◆ **YOUR TASK**: Among the entries below, find the line with "Heather Locklear looks" and the line with "The ring presents". Return exactly those lines and every line between them, but no pictures.

◆ **TASK INPUT**:
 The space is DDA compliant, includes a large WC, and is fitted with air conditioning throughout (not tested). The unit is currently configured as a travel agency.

--

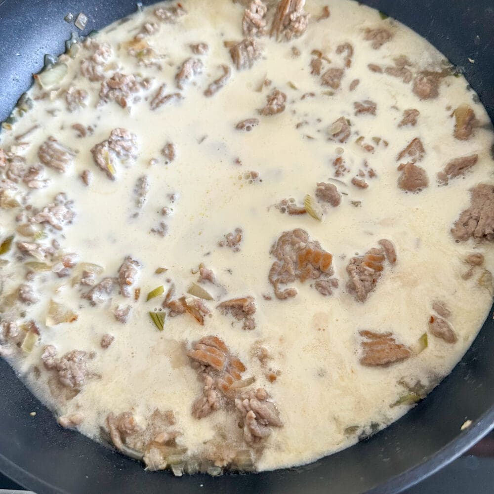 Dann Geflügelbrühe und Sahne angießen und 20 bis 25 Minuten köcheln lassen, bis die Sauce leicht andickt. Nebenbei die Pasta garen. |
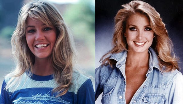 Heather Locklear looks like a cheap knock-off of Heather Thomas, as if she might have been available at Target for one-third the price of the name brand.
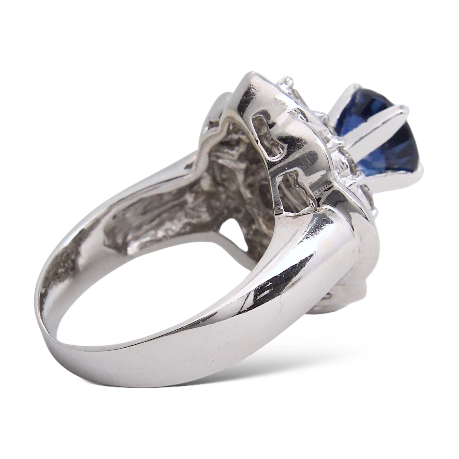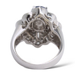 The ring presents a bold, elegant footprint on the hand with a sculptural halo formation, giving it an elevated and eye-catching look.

◆ **RESPONSE TO THIS TASK**:
 Heather Locklear looks like a cheap knock-off of Heather Thomas, as if she might have been available at Target for one-third the price of the name brand.
 The ring presents a bold, elegant footprint on the hand with a sculptural halo formation, giving it an elevated and eye-catching look.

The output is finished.